• _What the task requires_
Your answer must be the exact lines of the listing below that run from the line with "次に当館館長による「郷土博物" to the line with "这台车B柱下方的铭牌写着制造", ends included, and no pictures.

═════ Material for the task

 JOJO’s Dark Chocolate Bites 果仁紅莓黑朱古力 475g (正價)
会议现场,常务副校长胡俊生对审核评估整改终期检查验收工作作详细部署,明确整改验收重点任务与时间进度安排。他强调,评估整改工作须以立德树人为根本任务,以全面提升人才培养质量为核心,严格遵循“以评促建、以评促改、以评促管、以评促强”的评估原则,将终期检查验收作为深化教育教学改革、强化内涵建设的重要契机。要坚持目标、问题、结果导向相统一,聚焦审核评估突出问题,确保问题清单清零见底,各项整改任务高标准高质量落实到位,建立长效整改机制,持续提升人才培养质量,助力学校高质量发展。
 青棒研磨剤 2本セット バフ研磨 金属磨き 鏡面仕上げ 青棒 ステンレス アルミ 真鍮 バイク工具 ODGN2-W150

══════════
═════ Material for the task

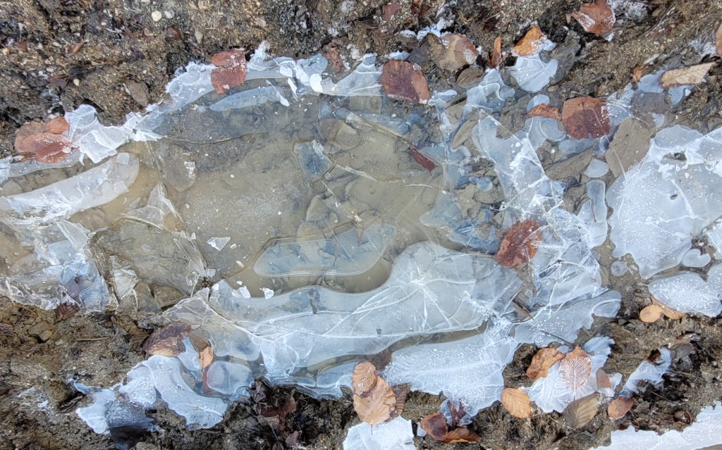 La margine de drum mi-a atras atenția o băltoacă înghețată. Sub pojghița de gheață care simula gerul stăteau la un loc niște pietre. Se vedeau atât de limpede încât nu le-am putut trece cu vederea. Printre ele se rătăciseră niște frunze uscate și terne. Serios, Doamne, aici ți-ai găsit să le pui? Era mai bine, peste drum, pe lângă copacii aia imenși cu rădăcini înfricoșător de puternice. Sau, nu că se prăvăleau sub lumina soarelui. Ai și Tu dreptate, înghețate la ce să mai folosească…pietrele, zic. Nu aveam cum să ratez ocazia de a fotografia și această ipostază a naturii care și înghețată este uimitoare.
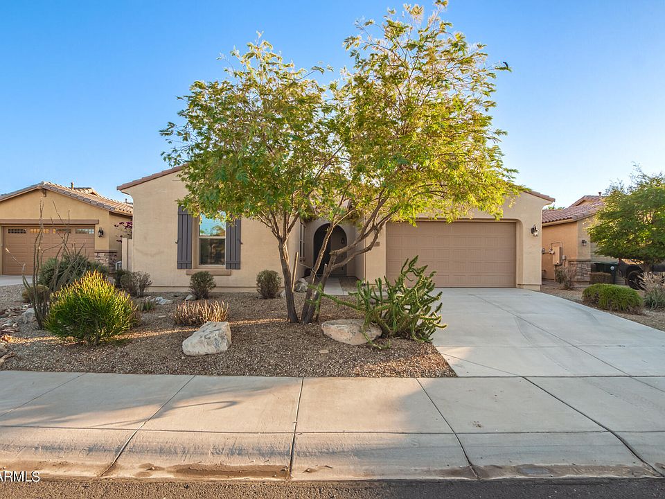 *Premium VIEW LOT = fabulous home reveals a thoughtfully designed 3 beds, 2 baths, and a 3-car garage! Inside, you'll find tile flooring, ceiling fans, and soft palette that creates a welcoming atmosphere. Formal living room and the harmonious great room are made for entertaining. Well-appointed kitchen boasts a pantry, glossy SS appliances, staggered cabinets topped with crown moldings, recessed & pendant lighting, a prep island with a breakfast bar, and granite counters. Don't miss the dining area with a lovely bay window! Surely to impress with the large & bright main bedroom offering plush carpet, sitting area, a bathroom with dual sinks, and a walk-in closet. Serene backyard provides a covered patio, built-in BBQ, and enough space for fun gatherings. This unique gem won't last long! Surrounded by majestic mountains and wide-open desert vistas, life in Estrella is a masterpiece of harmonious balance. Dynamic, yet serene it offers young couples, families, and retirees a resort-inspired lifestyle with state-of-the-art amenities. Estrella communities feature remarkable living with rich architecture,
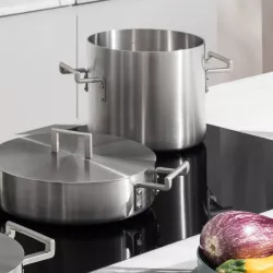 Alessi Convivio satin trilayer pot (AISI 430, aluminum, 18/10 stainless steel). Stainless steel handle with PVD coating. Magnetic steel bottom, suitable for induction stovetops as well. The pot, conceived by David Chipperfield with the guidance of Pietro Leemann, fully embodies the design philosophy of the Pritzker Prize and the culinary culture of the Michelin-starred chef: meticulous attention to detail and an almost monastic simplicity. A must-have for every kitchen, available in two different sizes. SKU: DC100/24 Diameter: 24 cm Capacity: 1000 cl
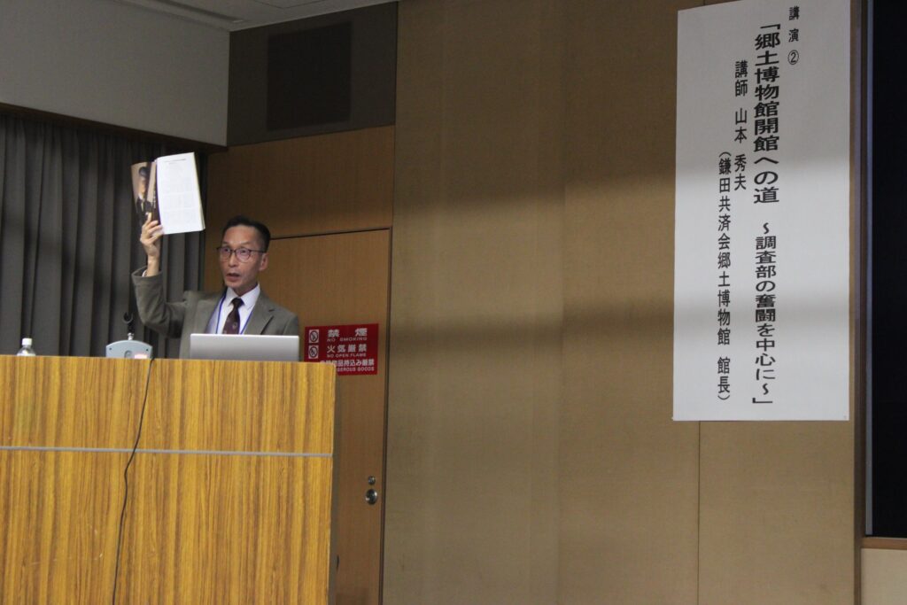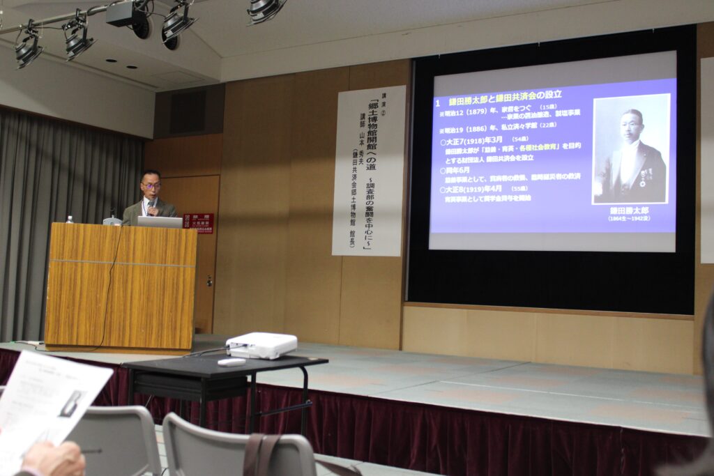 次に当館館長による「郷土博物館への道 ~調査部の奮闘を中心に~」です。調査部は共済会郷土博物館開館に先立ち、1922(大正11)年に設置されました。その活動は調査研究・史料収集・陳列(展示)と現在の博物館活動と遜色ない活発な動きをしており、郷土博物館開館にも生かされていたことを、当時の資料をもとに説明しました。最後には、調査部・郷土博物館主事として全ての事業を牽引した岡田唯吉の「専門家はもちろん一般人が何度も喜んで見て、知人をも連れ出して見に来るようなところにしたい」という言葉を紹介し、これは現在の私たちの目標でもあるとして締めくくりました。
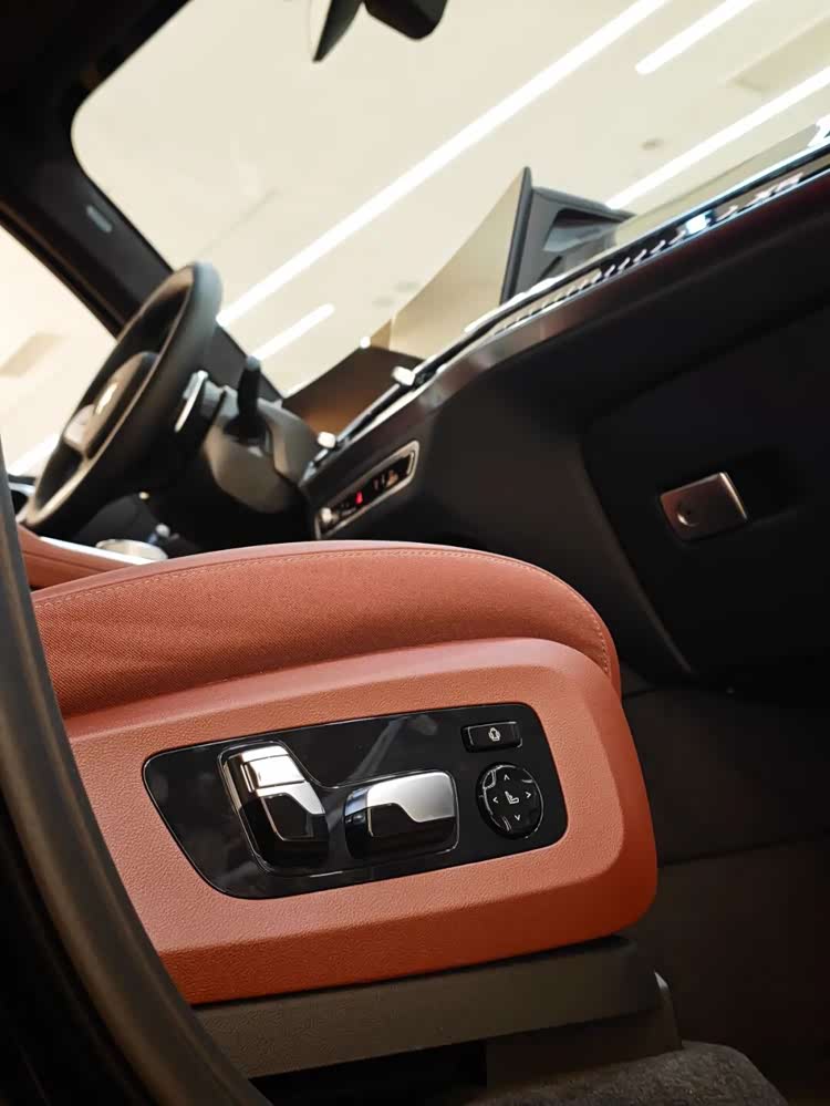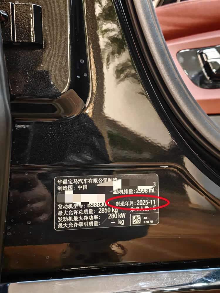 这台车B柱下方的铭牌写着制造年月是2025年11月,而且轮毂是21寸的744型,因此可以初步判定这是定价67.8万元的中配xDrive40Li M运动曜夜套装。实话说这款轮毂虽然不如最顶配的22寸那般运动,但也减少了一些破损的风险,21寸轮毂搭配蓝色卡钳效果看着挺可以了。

══════════

• _Exercise output_
 次に当館館長による「郷土博物館への道 ~調査部の奮闘を中心に~」です。調査部は共済会郷土博物館開館に先立ち、1922(大正11)年に設置されました。その活動は調査研究・史料収集・陳列(展示)と現在の博物館活動と遜色ない活発な動きをしており、郷土博物館開館にも生かされていたことを、当時の資料をもとに説明しました。最後には、調査部・郷土博物館主事として全ての事業を牽引した岡田唯吉の「専門家はもちろん一般人が何度も喜んで見て、知人をも連れ出して見に来るようなところにしたい」という言葉を紹介し、これは現在の私たちの目標でもあるとして締めくくりました。
 这台车B柱下方的铭牌写着制造年月是2025年11月,而且轮毂是21寸的744型,因此可以初步判定这是定价67.8万元的中配xDrive40Li M运动曜夜套装。实话说这款轮毂虽然不如最顶配的22寸那般运动,但也减少了一些破损的风险,21寸轮毂搭配蓝色卡钳效果看着挺可以了。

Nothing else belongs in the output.